Abstract 134: Increased Ca2+ Influx Through Cav1.2 in Vascular Smooth Muscle Cells Causes Hypertension Due to Impairment of Acetylcholine-dependent Vascular Relaxation

Abstract

Calcium channel plays an important role in smooth muscle contraction and relaxation and L-type calcium channel (Cav1.2) antagonist is widely used for treating hypertension. However, whether increasing Ca2+ influx into smooth muscle cells results in hypertension (through increasing smooth muscle cell contractility) or hypotension (through activating BKCa channels) is unclear. Aiming to answer this question, we established a transgenic (TG) mouse model with smooth muscle cell specific (SM22-α promoter driven) overexpression of a splicing variant of Cavβ2 subunit, Cavβ2a, tagged with GFP. Methods and Results: Immunostaining showed that Cavβ2a-GFP expressed in smooth muscle cells specifically and L-type Ca2+ current in smooth muscle cells from the 4 th branch of mesenteric arteries of transgenic mice was significantly increased (5.1±0.7pA/pF in TG, n=12 vs. 2.2±0.5pA/pF in control, n=10).
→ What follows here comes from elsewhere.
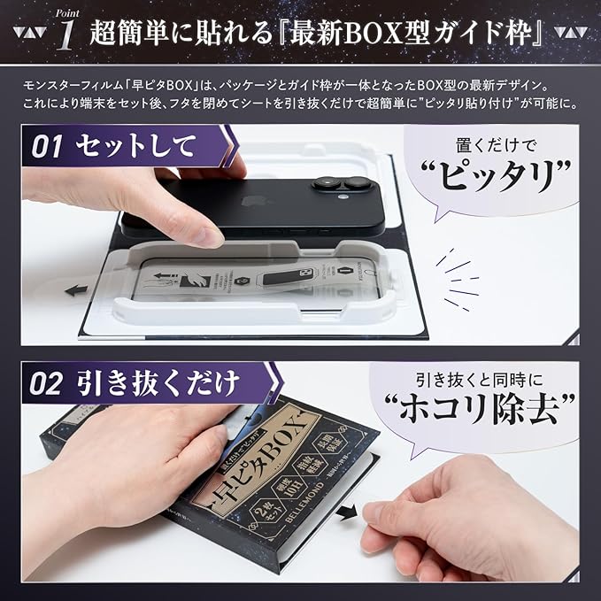 【モンスターフィルム - 早ピタBOX - とは】パッケー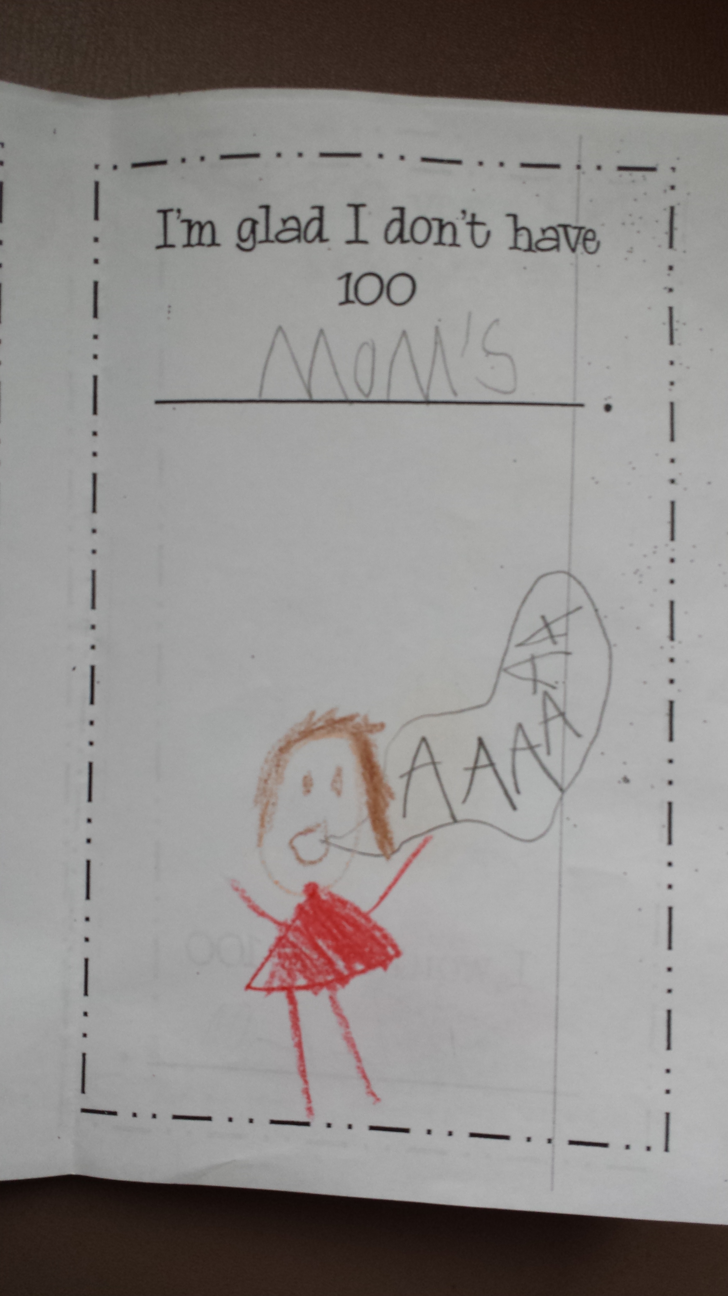 Here’s the thing – today is the 100th day of school. She’s supposed to dress up like a 100 year old. We picked out some outfits last night and I’m supposed to give her face wrinkles today. I live for this stuff. It’s Halloween in February – what’s not fun about that!? I have fake glasses, pearls, a plethora of scarves. Her Bubbie even gave her a cool old hat with a veil and a big velvet bow. We were super excited about this…14 hours ago. Okay, I was super excited. These are supposed to be the parenting moments that make it all worthwhile! How does she not know that!?

Telemetric blood pressure measurement showed that 24h-averaged systolic pressure was significantly increased (135.2±9.8mmHg, n=25) compared to that of that of control c57bl/6 mice (110.2±7.8mmHg, n=16). The diastolic pressure was also significantly elevated in TG mice than in control mice. Maximum contractility of the 4 th branch mesenteric arteries measured with 40mM KCl was not different between control and TG groups. Sodium nitroprusside relaxed the phenylephrine-precontracted mesenteric artery in the same dose-dependent manner However, acetylcholine induced mesenteric artery relaxation was signficantly impaired in TG mesenteric arteries. Conclusions: Increasing Ca2+ influx through the L-type Ca2+ channel in smooth muscle cells causing hypertension via impairment of acetylcholine-dependent relaxation.